Collected data entries:
--------------------
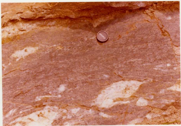
IM/FA/136 .- Gneis de cuarzo y feldespató al N. de Mataro.
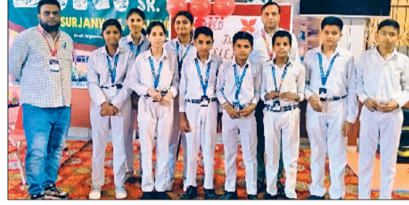
महेन्द्रगढ़। विजेता बच्चों को सम्मानित करते हुए।
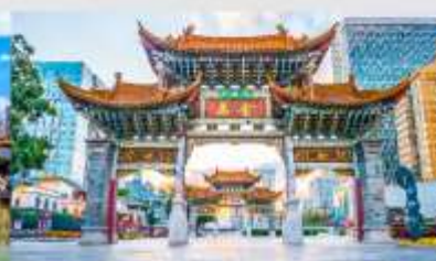
ประตูม้าทอง ไถ่หยก
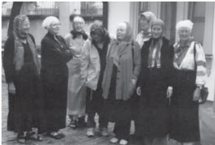
I rysk ortodox kyrka måste alla kvinnor ha lång kjol och något på huvudet

Vår resa med Pär Lindström i augusti 2006 till Lettland och Estland på längden och en snutt in i Ryssland blev en intressant upplevelse med mycket kultur och historia.
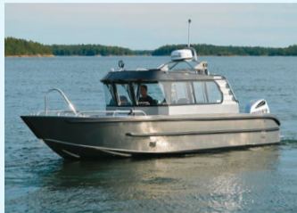
Arronet 23.5 Suprice

Varaa aika Uivassa tai soita Konevuorion Arronet myyjille.
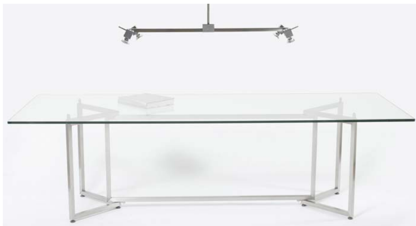
T75V + MW12D † 75 cm ☐ 100 x 260 cm

Edelstahl glänzend, Nickel glänzend Stainless steel polished, nickel polished Roestvrijstaal glans, nikkel glans
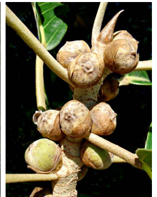
90 Ficus turrialbana
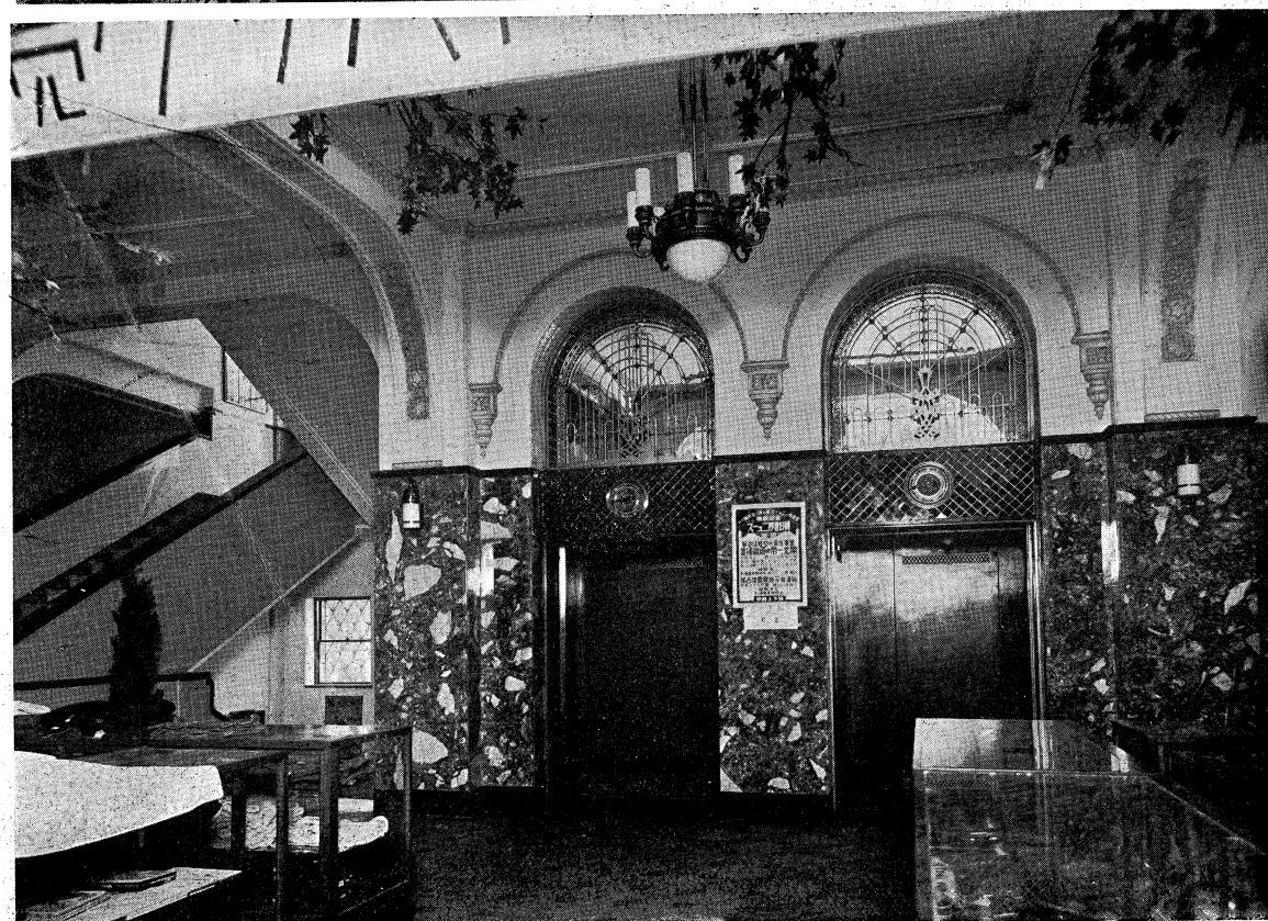
上、正面玄関廣間 下、1階エレベーターホール
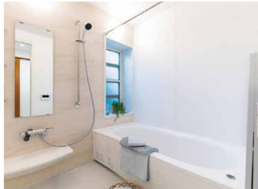
風呂場 | 設備交換
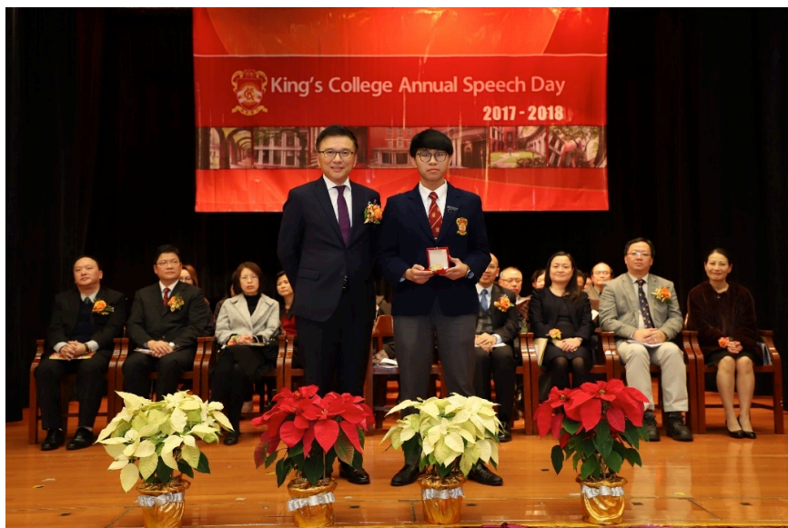
陳教授頒發獎座予表現優異的同學
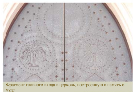
Фрагмент главного входа в церковь, построенную в память о чуде
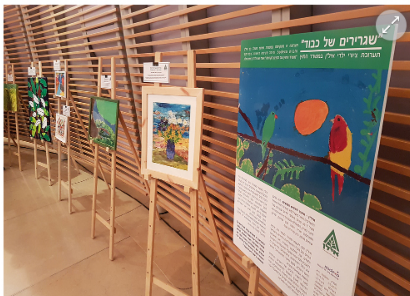
"שגרירים של כבוד". התערוכה החדשה של משרד החוץ

משרד החוץ השיק היום (ג') תערוכת ציורים יוצרת דופן תחת הכותרת "שגרירים של כבוד". התערוכה מורכבת מציורים שהכינו ילדי עמותת איל"ן (איגוד ישראלי לילדים נפגעים) והיא תנדוד בשגרירויות ישראל ברחבי העולם.
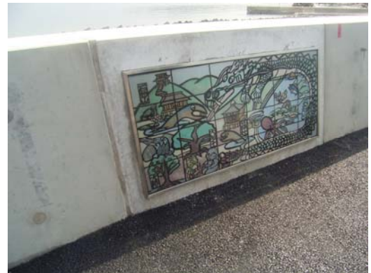
バス停横の擁壁面に設置
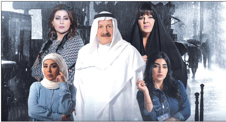
مسلسل «محطة انتظار»

بعد أن رصدنا آراء النقاد في مسلسلات رمضان من النواحي الفنية من خلال جائزة «شعلة الأنباء» السنوية الأسبوع الماضي، أجرينا استبيان «الأنباء» الرمضاني على عينة عشوائية من 500 مشترك في مختلف محافظات البلاد. وأظهرت نتائج الاستبيان الجماهيري توزعاً كبيراً للأصوات على خلاف المواسم الماضية وينسب متقاربة جداً بين 8 مسلسلات تراوحت بين 12 و8% مع تقدم بسيط لمسلسل «عبرة شارع» الذي احتل الصدارة، يليه مباشرة «الخطايا العشر»، ثم «مع حصّة قلم» و«محطة انتظار» و«الخافي أعظم» و«روتين» و«عطر الروح» و«العاصوف». وقراءة هذه النتائج تدل على أن معظم الأعمال قد حظيت بالمشاهدة هذا الموسم واستقطبت الجمهور من جميع الفئات، ولا يمكن الحديث عن اكتساح أي منها أو استئثار مسلسلين بالغالبية وانقسام المنافسة الجماهيرية بينهما كما كان يحصل في المواسم السابقة.
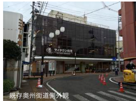
既存奥州街道側外観
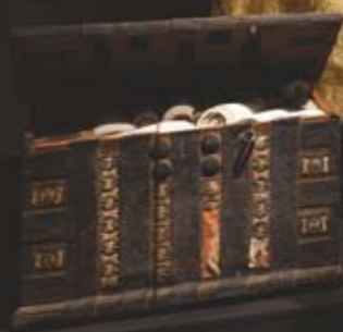
СУНДУК XIX в.
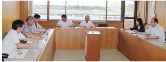
議会だより編集委員会（7月10日）

1日 民生教育常任委員会（予算要望） 8日 議会活性化特別委員会所管事務調査（大洗町、銚田市） 9日 民生教育常任委員会所管事務調査 10日 議会だより編集委員会（141号編集） 11日 産業建設常任委員会（予算要望） 11日 民生教育常任委員会所管事務調査 15日 議会活性化特別委員会（今後の議会基本条例の進め方について） 15日 全員協議会（第1回口頭弁論期日呼出状及び答弁書催告状について） 17日 総務常任委員会（予算要望） 17日 議会運営委員会（平成26年第2回臨時会会期日程） 24日 平成26年第2回臨時会 24日 全員協議会（平成27年度予算要望について）
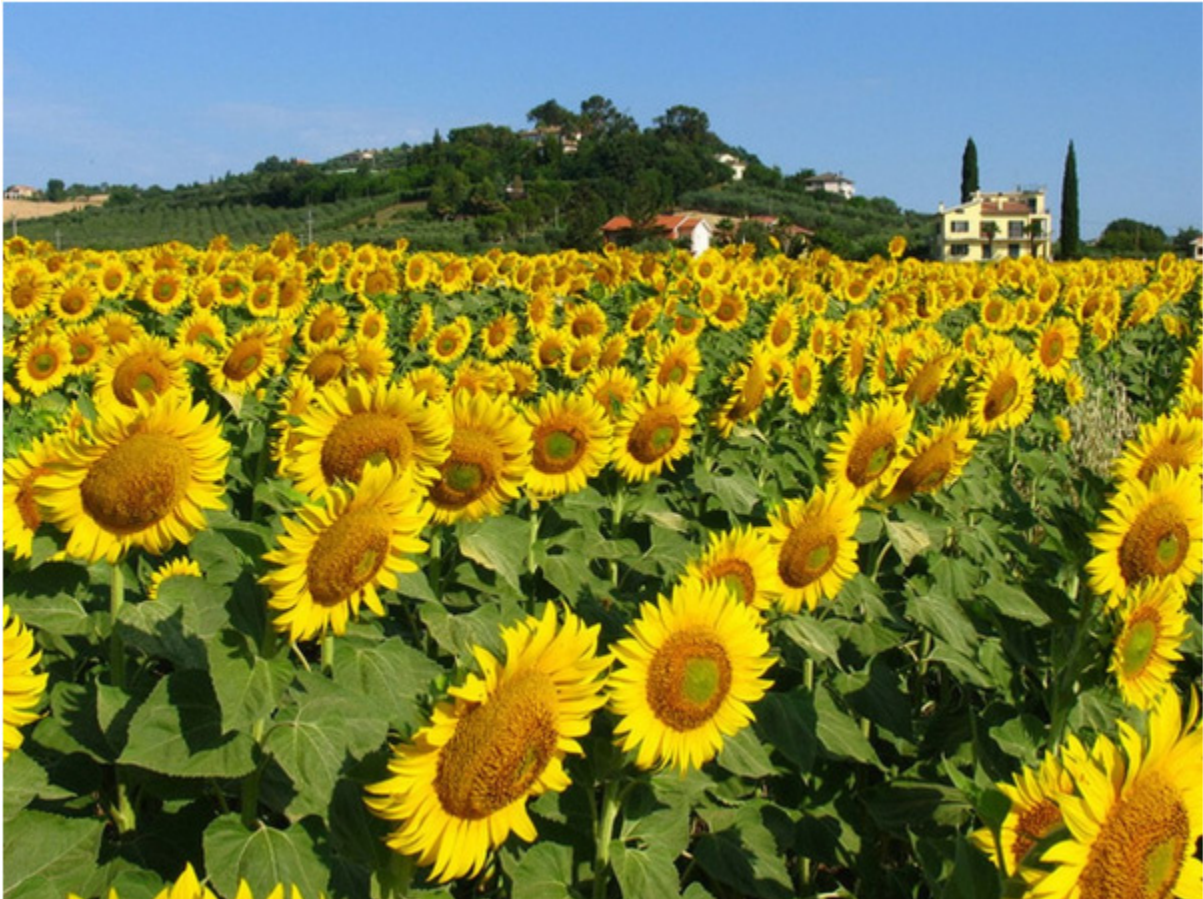
Hoa hướng dương, hiện thân của Người Nga với tâm hồn Nga, tính cách Nga
--------------------
» **REQUIRED WORK**
Between and including the line with "महेन्द्रगढ़। विजेता बच्चों" and the line with "של משרד החוץ", repeat every line exactly as it appears above, with pictures left out.

» **ANSWER TO THIS TASK**
महेन्द्रगढ़। विजेता बच्चों को सम्मानित करते हुए।
ประตูม้าทอง ไถ่หยก
I rysk ortodox kyrka måste alla kvinnor ha lång kjol och något på huvudet

Vår resa med Pär Lindström i augusti 2006 till Lettland och Estland på längden och en snutt in i Ryssland blev en intressant upplevelse med mycket kultur och historia.
Arronet 23.5 Suprice

Varaa aika Uivassa tai soita Konevuorion Arronet myyjille.
T75V + MW12D † 75 cm ☐ 100 x 260 cm

Edelstahl glänzend, Nickel glänzend Stainless steel polished, nickel polished Roestvrijstaal glans, nikkel glans
90 Ficus turrialbana
上、正面玄関廣間 下、1階エレベーターホール
風呂場 | 設備交換
陳教授頒發獎座予表現優異的同學
Фрагмент главного входа в церковь, построенную в память о чуде
"שגרירים של כבוד". התערוכה החדשה של משרד החוץ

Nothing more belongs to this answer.